Mazal tov to us! We reached Coast FI! 🎉
Cool. Cool. So what does that mean? Weren’t we pursuing FI or FIRE? What’s Coast FI? And why are we so excited?
When we first started this blog three and a half years ago, we had one goal in mind: Financial Independence (Retire Early), or, in other words, investing our way out of the rat race. We were all in: always reading, calculating, optimizing, cutting expenses, increasing our savings rate, running compound interest calculations, and building spreadsheets. We were on a mission to reach our goal as soon as possible.
But then something changed.
As we watched our investments grow, we started exploring different scenarios on our trusty compound interest calculator. What would happen if we invested more each month? What happens if we invest less? Or if we stop investing entirely (*gasp!*) aside from our employer-sponsored pensions and kranot hishtalmut?
We discovered that not only are we on track to hit (and surpass) our FI number by age 50, we could even stop our monthly contributions to our brokerage account and reach our target through our retirement savings and compound interest alone.

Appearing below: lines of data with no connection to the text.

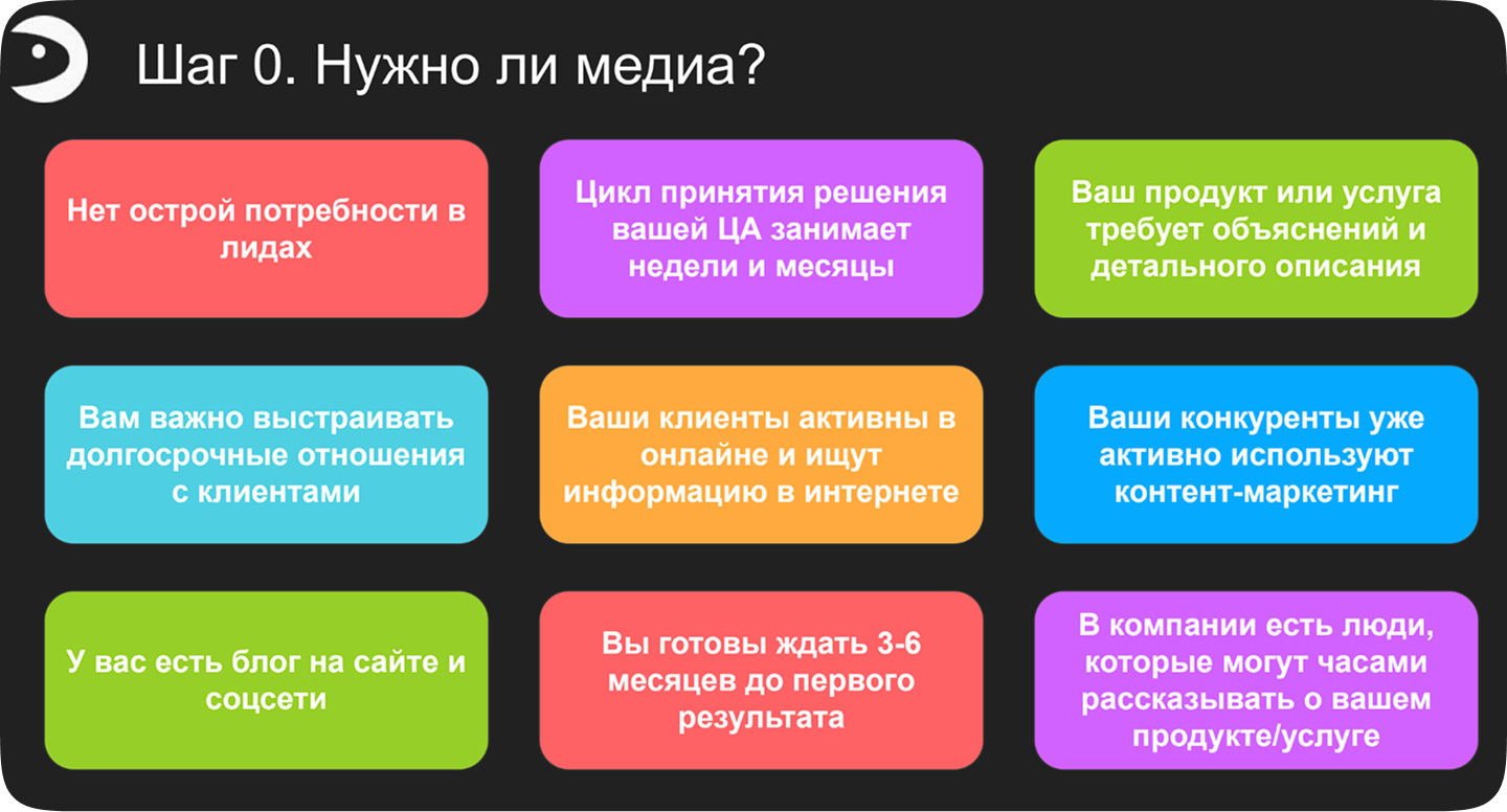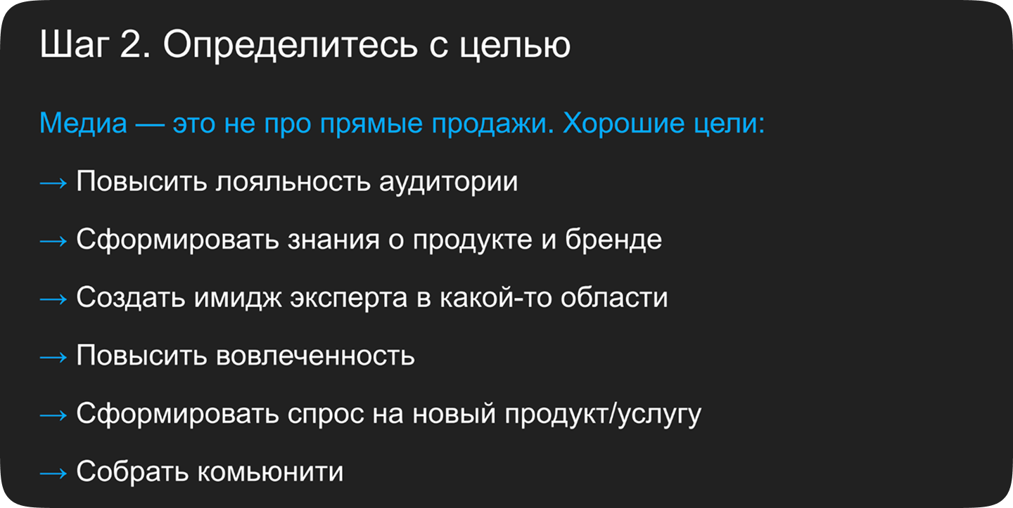 Если мы делаем медиа для всех, то значит, мы делаем медиа ни для кого. Важно помнить о целевой аудитории и подбирать контент под нее, а не под продукты компании. Так, в медиа для опытных предпринимателей появляется статья на тему «Как оформить самозанятость». Хотя люди, которые будут целевой аудиторией журнала, уже давно оформили ИП.
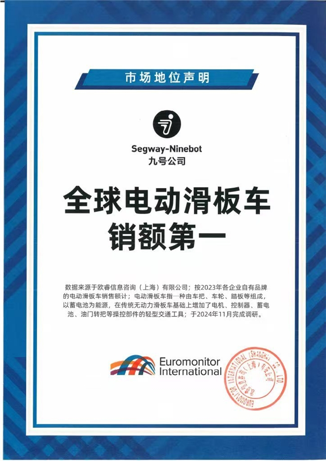 - 九号引领智能出行新风潮。六项权威认证见证,以智能化技术塑造市场格局
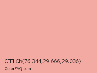 CIELCh 76.344,29.666,29.036 Color is a light red color and the nearest color is Rose Bud #fbb2a3. Hex code #f3aaa3 and RGB value is rgb(243,170,163). In RGB color space, this color is composed of 95% red, 67% green, 64% blue, In CMYK color space, this color is composed of 0% cyan, 30% magenta, 33% yellow , 5% black , In HSL color space, this color has a hue angle of 5° , 77% saturation and 80% lightness.
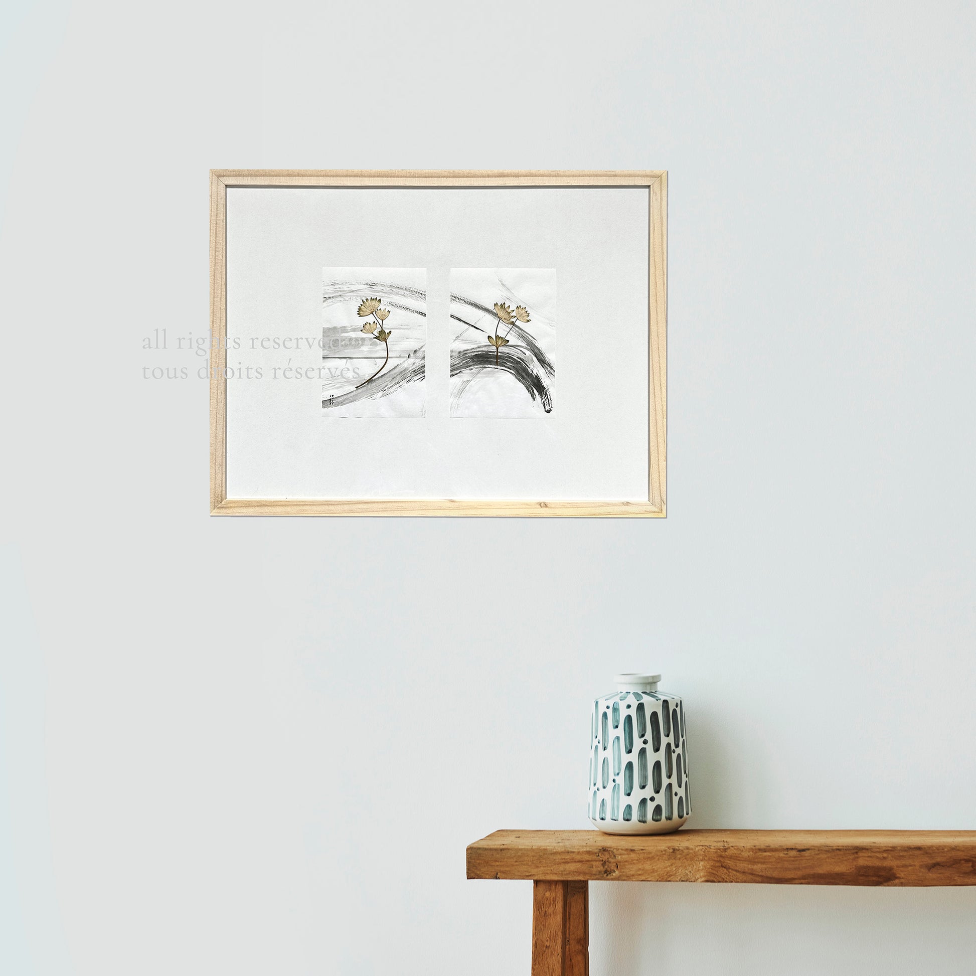 Information sur les œuvres avec fleur séchée. À éviter l’exposition directe au soleil. Les couleurs peuvent évoluer avec le temps — c’est aussi cela qui fait partie de l’expérience et rend cette œuvre vivante.
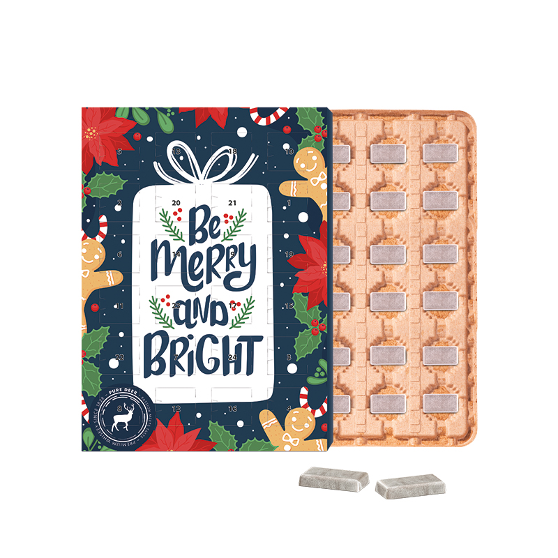 Marken Wand Adventskalender ECO, Papierblister, Alpenmilch-Schokotäfelchen in Pergaminpapier mit individuellem Logo und Expresslieferung.
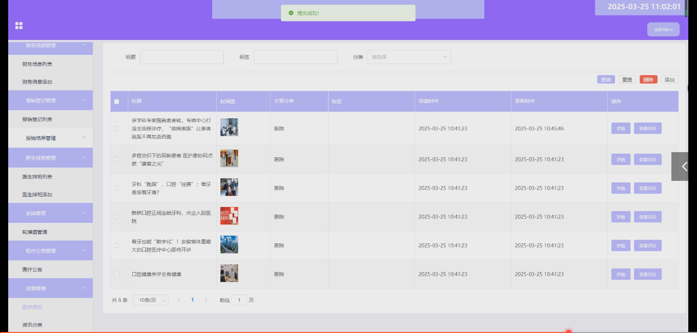 管理员在资源管理页面查看所有医疗资讯详情,支持查询、重置、删除、添加操作。资源管理界面如图5-14所示。
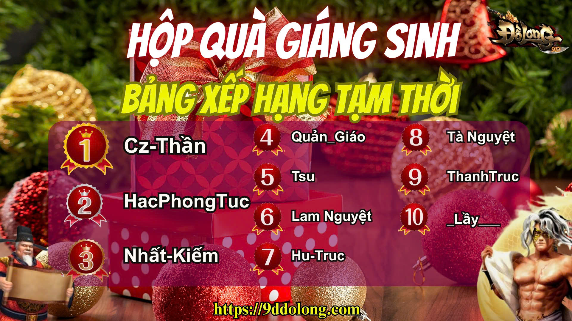 Chư vị đại hiệp, cuộc đua mở Hộp Quà Giáng Sinh đang nóng hơn bao giờ hết. Dưới đây là Bảng Xếp Hạng tạm thời (được cập nhật theo kỳ):
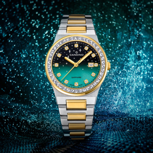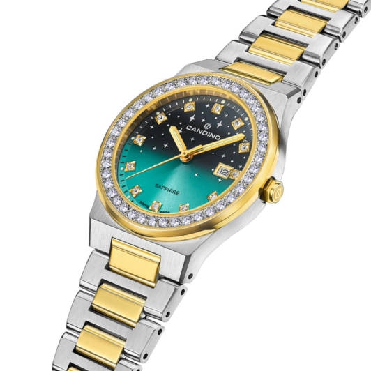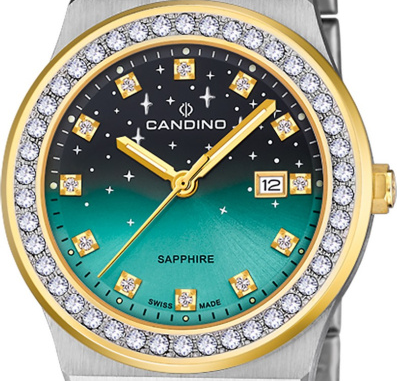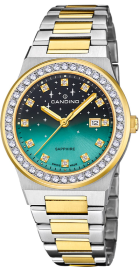 Модель Candino C4750/2 имеет уникальный градиентный циферблат в сочетании с очаровательными элегантными часовыми и минутными стрелками и часовыми метками, инкрустированными камнями, что создает роскошный и привлекающий внимание общий вид.
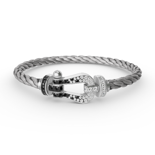[Crown Jewelry]FORCE LARGE HORSESHOE BLACK WHITE DIAMOND BRACELET SILVER

We could EVEN stop investing altogether – never invest another shekel – and through the magic of compound interest, we’d still have more than enough money to retire comfortably at traditional retirement age. This stage is known as Coast FI (or Coast Financial Independence) because all of the major investing happens early on, letting you coast comfortably into retirement.
That’s awesome! How do I know if I’m at Coast FI myself? Or how far I am from it?
This depends on several factors and personal lifestyle preferences, but it’s really not hard to calculate. Here’s how you do it.
- Choose your retirement age. AKA the age at which you want your investments to fully support you (and you no longer need to work). For the purposes of this exercise, we went with 67.
- Estimate your annual retirement spending. How much do you expect to spend per year in retirement? Use today’s shekels (or dollars). We’ll deal with inflation later.
- Calculate your financial independence number. Multiply your annual spending by 25. This will allow you to withdraw 4% of your portfolio per year without running out of money.
- Work backwards. Use a compound interest calculator to find how much money you need to have invested today so that, with no further contributions, it will grow to your full FI number by retirement age. Assume a 7% annual investment return to account for inflation.
- This is your Coast FI number! Once you reach it, you no longer need to save for retirement. You just need to cover your current living expenses. 🎉
Now what? Where do we go from here?
Knowing that we are technically done investing for retirement gives us a great deal of flexibility. While we *could* retire at 50, we likely would get bored and still work at some capacity. So why rush?
As a result, we’ve eased up a bit on the race to full financial independence, since we know we will get there anyway. We’re still investing monthly – both in our pensions and kranot hishtalmut and in our brokerage account – but less. Since we know that we will, have enough to retire comfortably, we have started putting more money toward other shorter-term savings goals, such as our daughter’s bat mitzvah, home renovations, and a larger trip fund. We’ve also been spending more on day-to-day things that are meaningful to us and improve our quality of life, including private therapies and giving more to charity. We also keep toying with the idea of moving out of our shoe box of an apartment and getting more space, so we’ll see where that goes.
We discovered that financial freedom is a spectrum, not binary. Nothing miraculous happens the day you hit your FI number. (In fact, we hit Coast FI months ago and didn’t even notice.) But as our net worth grows, so does our sense of security, flexibility, and choice.
Coast FI doesn’t mean we “won” or that we stopped caring about investing. But it does mean that the pressure eased. It means we can make decisions a little more calmly, a little more intentionally, and with a longer view. It gave us permission to slow down, to redirect some energy and money toward the life we want to live now, not just the one we’re planning for decades from now. That’s the milestone we’re celebrating. Not an end point, but a meaningful shift along the way.
We will continue to live life intentionally – cutting costs on things we care less about so we can spend more on things that bring us joy and meaning to our lives. We look forward to sharing the next chapters of our journey with you.